'Constitutional Classifiers' Technique Mitigates GenAI Jailbreaks'Constitutional Classifiers' Technique Mitigates GenAI Jailbreaks

Anthropic says its Constitutional Classifiers approach offers a practical way to make it harder for bad actors to try and coerce an AI model off its guardrails.

4 Min Read
Introduction to Claude 3, seen on the Anthropic website
Source: Tada Images via Shutterstock

Researchers at Anthropic, the company behind the Claude AI assistant, have developed an approach they believe provides a practical, scalable method to make it harder for malicious actors to jailbreak or bypass the built-in safety mechanisms of a range of large language models (LLMs).

The approach employs a set of natural language rules — or a "constitution" — to create categories of permitted and disallowed content in an AI model's input and output, and then uses synthetic data to train the model to recognize and apply those content classifiers.

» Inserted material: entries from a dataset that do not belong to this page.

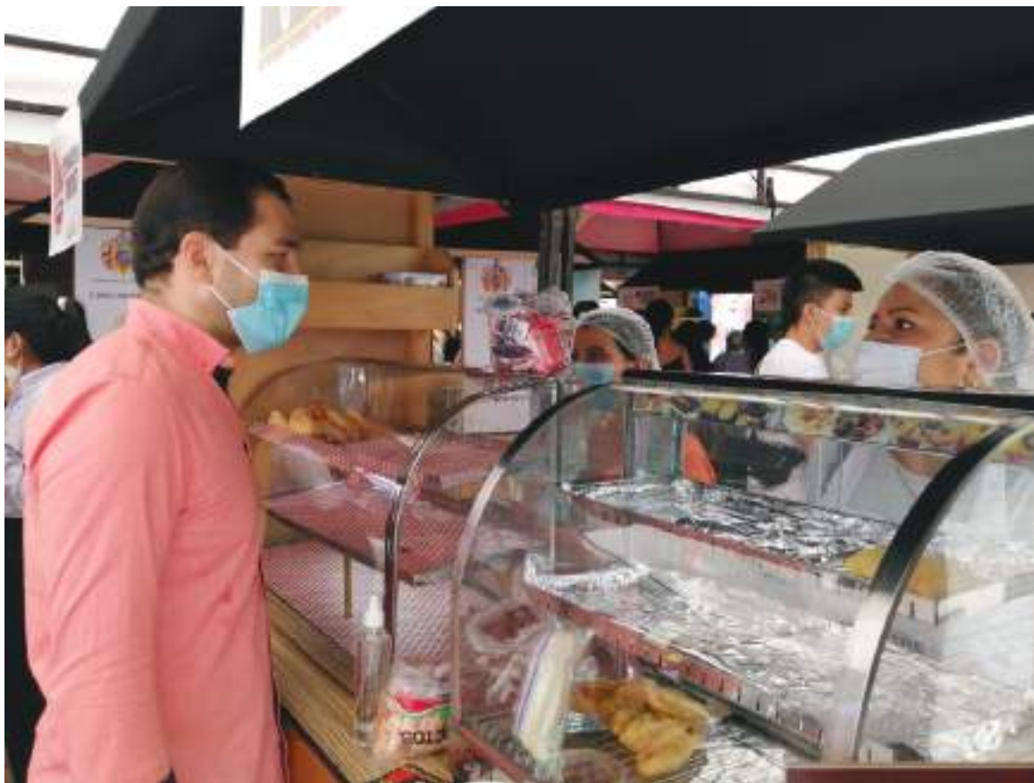
Tal como se tenía previsto, este jueves 9 y viernes 10 de diciembre, se llevará a cabo en el parque Santander, 'El Festival de las Comidas Rápidas'.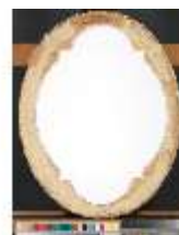
Lin.III,G, Louis Charles Auguste Duc de Belle-Isle, DI014820, BSV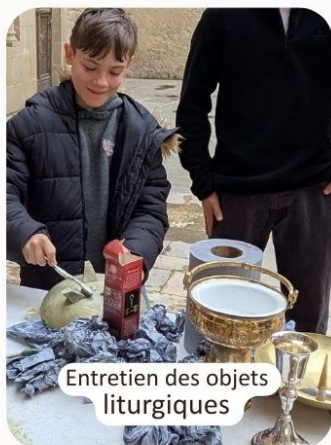
Entretien des objets liturgiques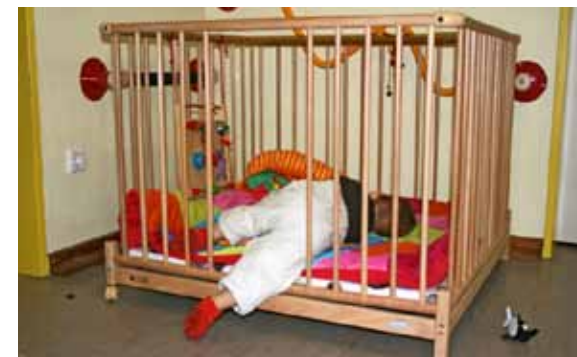
Ideal für mobile Kleinkinder: Selbständig und selbstbestimmt den gewünschten Schlafplatz aufsuchen

einschlafen können“ (Franz & Vollmert, 2009 S. 31). Legt sich ein Kind aus eigenem Antrieb schlafen, kann das als guter Indikator für eine gelungene Eingewöhnung und damit gewonnene Sicherheit angesehen werden.

"Constitutional Classifiers" Anti-Jailbreak Technique

In a technical paper released this week, the Anthropic researchers said their so-called Constitutional Classifiers approach was as effective against universal jailbreaks, withstanding more than 3,000 hours of human red-teaming by some 183 white-hat hackers through the HackerOne bug bounty program.

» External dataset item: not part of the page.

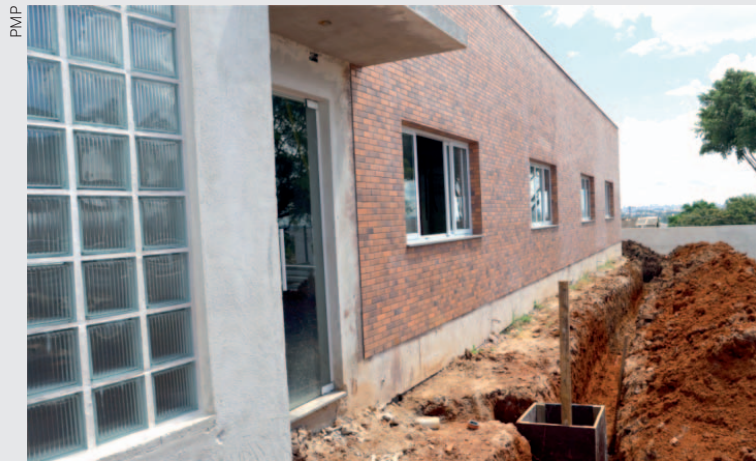
As equipes da empresa contratada por licitação também instalam as portas e janelas e concluem os muros

As obras do novo Centro de Referência da Assistência Social (Cras) Norte seguem em ritmo acelerado. No momento, as equipes executam serviços de cisterna, finalizam a escavação da parte externa da edificação - que compreende estacionamento, calçada e drenagem - e aplicam piso em granitina nas áreas internas. As equipes da empresa contratada por licitação também instalam as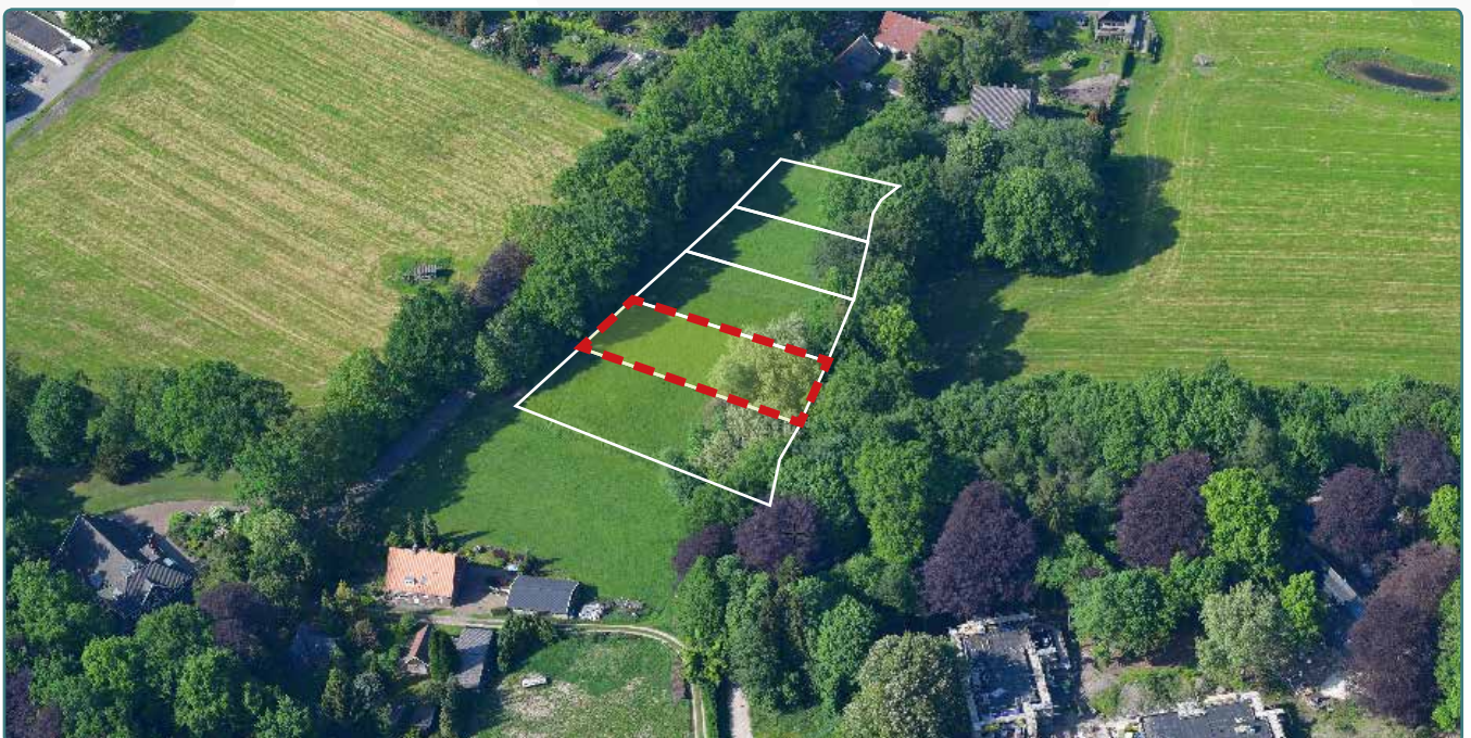
Kavel 114 vanuit de lucht

"These Constitutional Classifiers are input and output classifiers trained on synthetically generated data that filter the overwhelming majority of jailbreaks with minimal over-refusals and without incurring a large compute overhead," the researchers said in an related blog post. They have established a demo website where anyone with experience jailbreaking an LLM can try out their system for the next week (Feb. 3 to Feb. 10).

Related:AI Malware Dressed Up as DeepSeek Packages Lurk in PyPi

In the context of generative AI (GenAI) models, a jailbreak is any prompt or set of prompts that causes the model to bypass its built-in content filters, safety mechanisms, and ethical constraints. They typically involve a researcher — or a bad actor — crafting specific input sequences, using linguistic tricks and even role-playing scenarios to trick an AI model into escaping its protective guardrails and spewing out potentially dangerous, malicious, and incorrect content.

The most recent example involves researchers at Wallarm extracting secrets from DeepSeek, the Chinese generative AI tool that recently upended long held notions of just how much compute power is required to power an LLM. Since ChatGPT exploded on the scene in November 2022, there have been multiple other examples including one where researchers used one LLM to jailbreak a second, another involving the repetitive use of certain words to get an LLM to spill its training data and another through doctored images and audio.

Balancing Effectiveness With Efficiency

In developing the Constitutional Classifiers system, the researchers wanted to ensure a high rate of effectiveness against jailbreaking attempts without drastically impacting the ability for people to extract legitimate information from an AI model. One simplistic example was ensuring the model could distinguish between a prompt asking for a list of common medications or for explaining the properties of household chemicals versus a request on where to acquire a restricted chemical or purifying it. The researchers also wanted to ensure minimal additional computing overhead when using the classifiers.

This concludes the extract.